Julia Pérez Montes de Oca (1839 – September 25, 1875) was a Cuban poet, sister of the poet Luisa Pérez de Zambrana.

==Early life and education==
Julia Pérez Montes de Oca was born in Santiago de Cuba, Cuba, in 1839. There, she received her education. Her older sister was the poet Luisa Perez de Zambrana, with whom she always maintained a good friendship as well as with Luisa's husband, Dr. Ramon Zambrana. In fact, the family's connection to Zamabrana was such that when Luisa married Ramon, the whole family moved to Havana.

==Career==
Interested in poetry from a young age, Pérez published her first poems in the newspapers Redactor de Santiago de Cuba and Kaleidoscopio de la Habana, and later collaborated with other Cuban and foreign journals. She attended artistic and literary meetings, where she recited her compositions. Her work was praised both by her sister and by the press of the time, who quoted one of the readings as "moving".

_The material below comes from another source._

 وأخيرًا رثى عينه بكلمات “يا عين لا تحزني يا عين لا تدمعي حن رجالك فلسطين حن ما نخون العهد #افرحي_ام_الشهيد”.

Her poetry was part of the second Romanticism, of a later character, covered different genres, and dealt with various topics. Generally, however, in addition to romantic features, Pérez's work was more similar to classicism, with constant references to the locus amoenus, reminiscent of Garcilaso de la Vega. After the death of Dr. Zambrana, Pérez's verses developed a tragic tone; there was also a suggestion of unrequited love. In collaboration with other poets of the time, Pérez published some poems in El álbum cubano de lo bueno y lo bello, founded and directed by Gertrudis Gómez de Avellaneda, in 1860.

==Death and legacy==
Pérez died September 25, 1875, of tuberculosis, probably in the El Jardín house, the residence of Cornelio Souchay and Angélica Zambrana, in Artemisa, Cuba. She was buried in the local cemetery. Some have said that she committed suicide, according to the last verses she left written, but others dismiss it because her death certificate records that she received Anointing of the sick.

Though she never published a collection of poems in her lifetime, a collection of her poetry was published posthumously entitled, Poesías, in 1875 in Barcelona. A more complete edition was published in 1957.